→ **Prompt**:
In the listing below, locate the line containing "截至1月18日收盘,中利集团" and the line containing "Nhà báo - MC". Output both of them and every line between, exactly as written, and nothing more.

→ **Task input**:
########

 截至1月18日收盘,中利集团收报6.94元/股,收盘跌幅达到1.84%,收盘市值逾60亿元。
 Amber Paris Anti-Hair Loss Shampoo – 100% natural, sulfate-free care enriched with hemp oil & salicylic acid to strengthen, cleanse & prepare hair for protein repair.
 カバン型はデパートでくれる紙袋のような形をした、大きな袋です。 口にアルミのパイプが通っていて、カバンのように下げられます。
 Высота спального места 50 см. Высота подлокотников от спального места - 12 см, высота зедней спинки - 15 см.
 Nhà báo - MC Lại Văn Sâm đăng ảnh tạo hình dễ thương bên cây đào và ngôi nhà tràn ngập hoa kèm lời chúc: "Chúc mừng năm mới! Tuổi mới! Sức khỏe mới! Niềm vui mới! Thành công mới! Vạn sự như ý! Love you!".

########

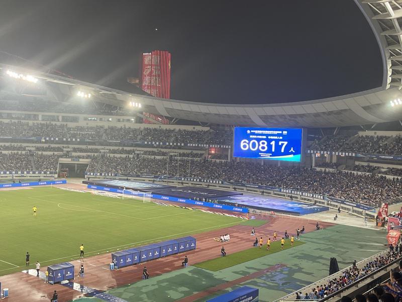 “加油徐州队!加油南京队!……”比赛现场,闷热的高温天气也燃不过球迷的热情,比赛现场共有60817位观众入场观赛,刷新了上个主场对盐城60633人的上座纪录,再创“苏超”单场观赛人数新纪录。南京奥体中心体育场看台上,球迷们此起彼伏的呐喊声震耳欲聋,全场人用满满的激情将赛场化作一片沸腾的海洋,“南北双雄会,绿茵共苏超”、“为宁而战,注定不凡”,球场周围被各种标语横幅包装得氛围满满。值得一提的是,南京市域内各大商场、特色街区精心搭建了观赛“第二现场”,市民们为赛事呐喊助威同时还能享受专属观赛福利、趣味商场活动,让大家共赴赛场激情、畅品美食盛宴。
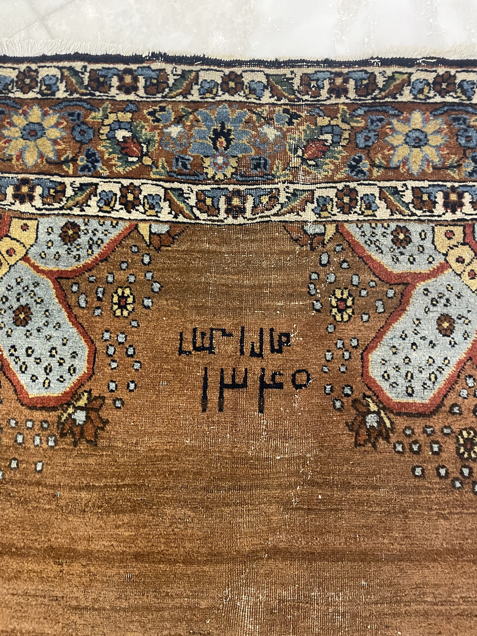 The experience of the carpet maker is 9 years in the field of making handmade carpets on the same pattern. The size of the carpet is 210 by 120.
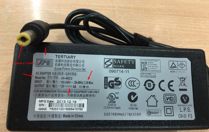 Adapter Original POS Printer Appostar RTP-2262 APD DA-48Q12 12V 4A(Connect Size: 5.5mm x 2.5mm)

########

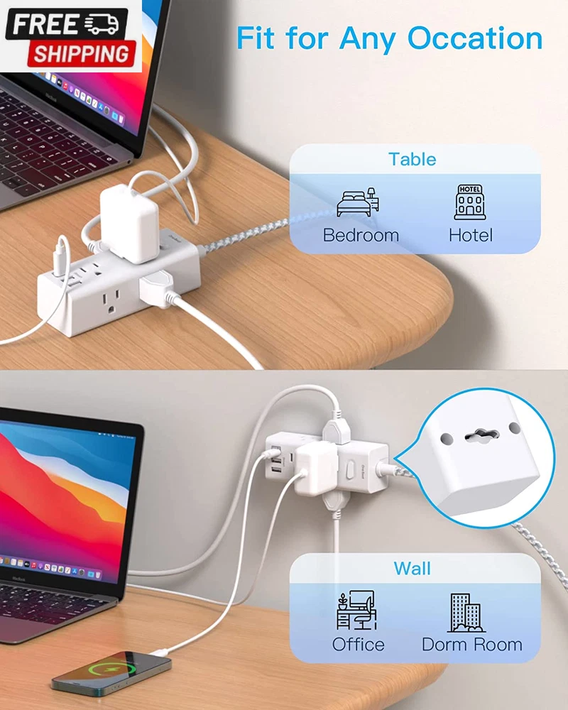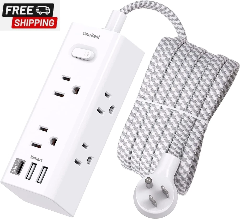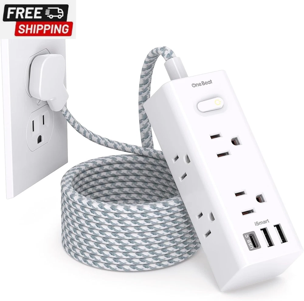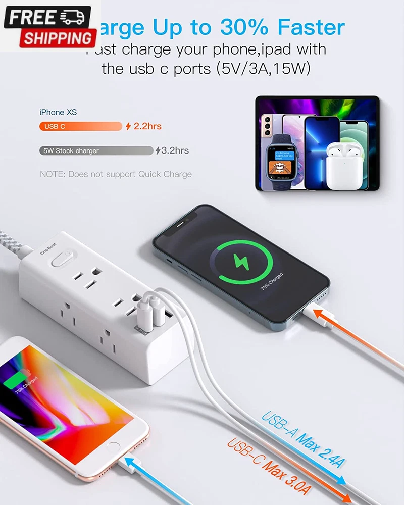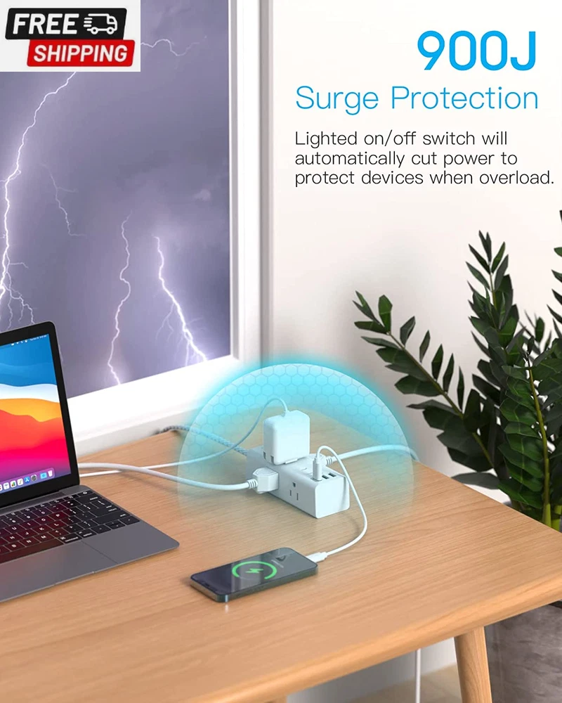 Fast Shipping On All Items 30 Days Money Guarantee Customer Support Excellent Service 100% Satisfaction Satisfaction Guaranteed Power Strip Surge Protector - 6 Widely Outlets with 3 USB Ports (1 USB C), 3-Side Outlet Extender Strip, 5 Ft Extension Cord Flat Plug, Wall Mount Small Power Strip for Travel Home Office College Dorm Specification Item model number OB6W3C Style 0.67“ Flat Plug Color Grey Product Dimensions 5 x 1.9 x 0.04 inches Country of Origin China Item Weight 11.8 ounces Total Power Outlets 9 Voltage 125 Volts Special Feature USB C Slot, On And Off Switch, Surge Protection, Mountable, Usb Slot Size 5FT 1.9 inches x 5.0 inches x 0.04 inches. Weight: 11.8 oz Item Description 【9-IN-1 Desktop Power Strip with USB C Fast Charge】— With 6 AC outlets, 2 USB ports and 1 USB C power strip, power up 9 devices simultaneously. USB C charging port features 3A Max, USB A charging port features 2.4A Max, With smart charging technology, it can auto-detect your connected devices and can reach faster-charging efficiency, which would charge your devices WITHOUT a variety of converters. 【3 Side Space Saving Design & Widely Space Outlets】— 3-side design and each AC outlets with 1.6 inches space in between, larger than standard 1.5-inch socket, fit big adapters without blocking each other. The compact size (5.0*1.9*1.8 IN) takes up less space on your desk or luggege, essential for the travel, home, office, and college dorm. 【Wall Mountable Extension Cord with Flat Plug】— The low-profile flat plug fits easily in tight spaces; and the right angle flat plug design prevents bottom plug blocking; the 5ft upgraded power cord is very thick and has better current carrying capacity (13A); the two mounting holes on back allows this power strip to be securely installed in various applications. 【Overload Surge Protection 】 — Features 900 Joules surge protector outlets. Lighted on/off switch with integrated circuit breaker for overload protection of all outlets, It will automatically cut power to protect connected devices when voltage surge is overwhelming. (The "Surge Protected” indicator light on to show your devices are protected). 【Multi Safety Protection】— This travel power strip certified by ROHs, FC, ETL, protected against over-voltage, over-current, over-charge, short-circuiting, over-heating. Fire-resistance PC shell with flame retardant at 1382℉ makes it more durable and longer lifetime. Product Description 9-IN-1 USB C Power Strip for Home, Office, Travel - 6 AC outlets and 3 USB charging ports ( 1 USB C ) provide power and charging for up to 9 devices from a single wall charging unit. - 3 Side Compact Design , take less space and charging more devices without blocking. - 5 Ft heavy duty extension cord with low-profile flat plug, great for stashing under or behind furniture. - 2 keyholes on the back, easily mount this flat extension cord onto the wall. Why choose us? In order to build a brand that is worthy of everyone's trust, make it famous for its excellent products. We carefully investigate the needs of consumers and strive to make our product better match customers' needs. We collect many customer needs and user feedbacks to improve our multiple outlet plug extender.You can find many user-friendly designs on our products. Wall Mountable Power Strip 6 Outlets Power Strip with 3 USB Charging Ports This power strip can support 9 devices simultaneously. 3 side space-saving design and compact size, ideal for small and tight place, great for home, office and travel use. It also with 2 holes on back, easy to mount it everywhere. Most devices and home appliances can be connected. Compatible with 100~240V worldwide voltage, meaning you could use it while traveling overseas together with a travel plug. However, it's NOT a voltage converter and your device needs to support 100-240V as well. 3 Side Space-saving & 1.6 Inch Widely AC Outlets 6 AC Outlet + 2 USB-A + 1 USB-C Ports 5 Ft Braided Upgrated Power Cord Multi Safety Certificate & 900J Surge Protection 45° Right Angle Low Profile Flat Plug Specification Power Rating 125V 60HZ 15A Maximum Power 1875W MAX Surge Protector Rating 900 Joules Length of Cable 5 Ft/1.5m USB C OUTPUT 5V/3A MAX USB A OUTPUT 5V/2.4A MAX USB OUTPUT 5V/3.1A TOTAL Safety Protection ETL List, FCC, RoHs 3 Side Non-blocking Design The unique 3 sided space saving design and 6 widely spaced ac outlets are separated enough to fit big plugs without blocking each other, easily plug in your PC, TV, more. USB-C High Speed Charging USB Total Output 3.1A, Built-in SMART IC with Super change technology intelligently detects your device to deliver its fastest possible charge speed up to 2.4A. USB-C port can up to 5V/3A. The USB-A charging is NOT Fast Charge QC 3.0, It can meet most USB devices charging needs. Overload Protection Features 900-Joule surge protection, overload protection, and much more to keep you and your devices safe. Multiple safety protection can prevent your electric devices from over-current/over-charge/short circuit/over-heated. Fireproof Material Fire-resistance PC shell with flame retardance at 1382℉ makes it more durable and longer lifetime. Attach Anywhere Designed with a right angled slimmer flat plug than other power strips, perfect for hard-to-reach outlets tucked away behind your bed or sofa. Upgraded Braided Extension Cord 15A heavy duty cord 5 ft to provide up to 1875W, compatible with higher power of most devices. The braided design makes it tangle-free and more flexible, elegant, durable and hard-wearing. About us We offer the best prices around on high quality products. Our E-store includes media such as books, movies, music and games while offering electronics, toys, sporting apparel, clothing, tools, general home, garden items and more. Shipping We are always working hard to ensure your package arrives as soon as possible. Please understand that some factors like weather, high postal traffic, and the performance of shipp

########

→ **Answer box**:
 截至1月18日收盘,中利集团收报6.94元/股,收盘跌幅达到1.84%,收盘市值逾60亿元。
 Amber Paris Anti-Hair Loss Shampoo – 100% natural, sulfate-free care enriched with hemp oil & salicylic acid to strengthen, cleanse & prepare hair for protein repair.
 カバン型はデパートでくれる紙袋のような形をした、大きな袋です。 口にアルミのパイプが通っていて、カバンのように下げられます。
 Высота спального места 50 см. Высота подлокотников от спального места - 12 см, высота зедней спинки - 15 см.
 Nhà báo - MC Lại Văn Sâm đăng ảnh tạo hình dễ thương bên cây đào và ngôi nhà tràn ngập hoa kèm lời chúc: "Chúc mừng năm mới! Tuổi mới! Sức khỏe mới! Niềm vui mới! Thành công mới! Vạn sự như ý! Love you!".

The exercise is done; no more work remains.